Internet Governance Forum to tackle child porn, digital citizenship & other global issues

This post first appeared in the San Jose Mercury News
by Larry Magid

The IGF takes place at UN HQ in Nairobi

I’m in Nairobi, Kenya, this week to serve as a panelist at the United Nations’ Internet Governance Forum (IGF). I’m not sure what will be accomplished, but it’s an opportunity for “multi-stakeholders” from around the world to talk about important Internet-related issues such as child protection, cybercrime, privacy, censorship, managing critical Internet resources and making sure that the Internet is accessible in developing countries. The conference starts Tuesday and ends Friday.

One major issue at IGF is child protection. In addition to workshops on protecting youths against exploitation and exposure to pornography, there will be some on “digital citizenship,” to explore how we can protect children’s rights online while encouraging responsible behavior and making sure children have a meaningful voice. The issue has come to the forefront lately with increased attention to cyberbullying and sexting. But in addition to adults pressuring children to behave, at least some of us at IGF will be focusing on ways to reinforce the role of children and youths as active participants, which is what “citizenship” (digital or otherwise) is supposed to be about.

There will also be conversations about child pornography. Many countries have laws that prohibit trafficking in sexually explicit images of children but the laws are far from universal or consistent. Because of the Internet, images produced in one country can easily find their way to others, regardless of local laws.

The Internet Governance Forum doesn’t have any power, but it does have influence because it brings together people from around the world who help set the agenda for further discussions and, possibly, regulations. Its origins date back to the 2005 meeting of the World Summit on the Information Society. Unlike most U.N. bodies, IGF consists not just of government representatives, but people from industry and nonprofit organizations.

I’m going as a representative of ConnectSafely.org, a nonprofit Internet safety organization where I serve as co-director along with Anne Collier, who is chairing an IGF panel on digital citizenship. Although it’s mainly an adult-oriented event, London-based Childnet International is bringing young people to participate in the dialogue. There will also be young people from Africa, the Middle East, Asia and Europe.

The fact that IGF has no formal power is actually a good thing because it serves as an alternative to international regulations that — if some had their way — could be draconian. There are governments, including China, Iran and Brazil, that have called for strict laws regarding what is acceptable on the Internet. Here in the United States, we’ve had a history of robust debate about regulations, including several laws to “protect children” against pornography that have been struck down by courts because they would have also limited adults’ rights to access legal content.

If we can’t all agree on what’s acceptable in the United States, there is no way we can reach global consensus. China, for example, famously restricts access to Facebook and other social networking sites and numerous countries prohibit so-called adult pornography that is legal in the United States and many western countries.

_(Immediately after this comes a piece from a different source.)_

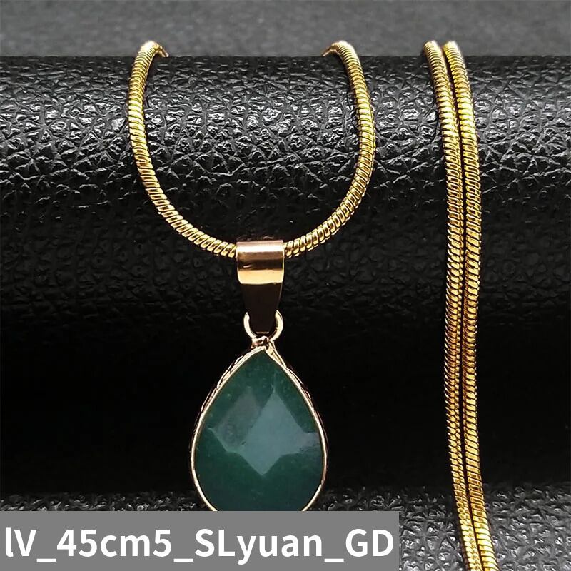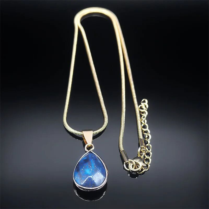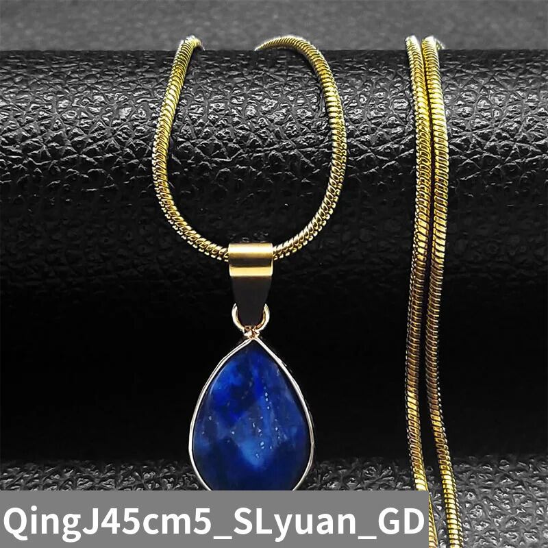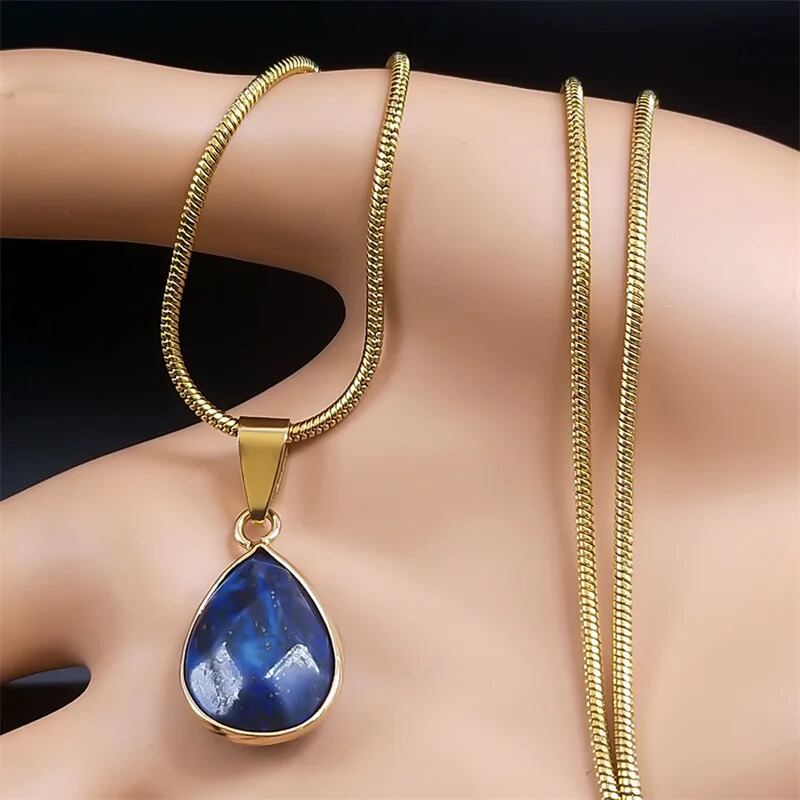水 ドロップ ラピス ラズリ ナチュラル ストーン ペンダント ネックレス レディース ステンレス スチール 蛇 スネイク ヘビ 動物 アニマル チェーン チョーカー ビンテージ ジュエリー

Even issues like hacking, don’t necessarily lend themselves to international regulations. I’m pretty sure that most governments would agree that people who break into websites and servers should be prosecuted, but there is no global agreement on what constitutes cybercrime. It gets even hazier when we talk about issues such as copyright enforcement, which engenders vigorous debate even within the borders of many countries.

Having said that, there is a role for greater international cooperation because — unlike physical objects — data can travel between countries in the blink of an eye and typically without detection. That’s mostly a good thing, but not when it comes to child porn, malicious software or schemes to steal money or intellectual property.

John Carr, who serves as an Internet security adviser to the British government, argues that “Individual countries can and should be doing a lot more, particularly when it comes to stopping online child pornography.” Interpol, which coordinates law enforcement actions for numerous countries, does have procedures to intercept “the worst of the worst” images that show sexual exploitation of pre-pubescent children but, said Carr, “Many countries don’t have any laws in place.”

The National Center for Missing &Exploited Children (where I serve as a board member) reports that 19 percent of identified (child pornography) offenders had images of children younger than 3; 39 percent had images of children younger than 6; and 82 percent had images of children younger than 12.

There will be some at IGF who clearly want to emphasize the “G” in its initials by working toward some type of world governance system for the Internet, but many at the event, including representatives from the U.S. delegation, will want to encourage its role as an international forum where people can talk about the issues without the pressure or presumption of having to craft laws to actually control what happens between borders.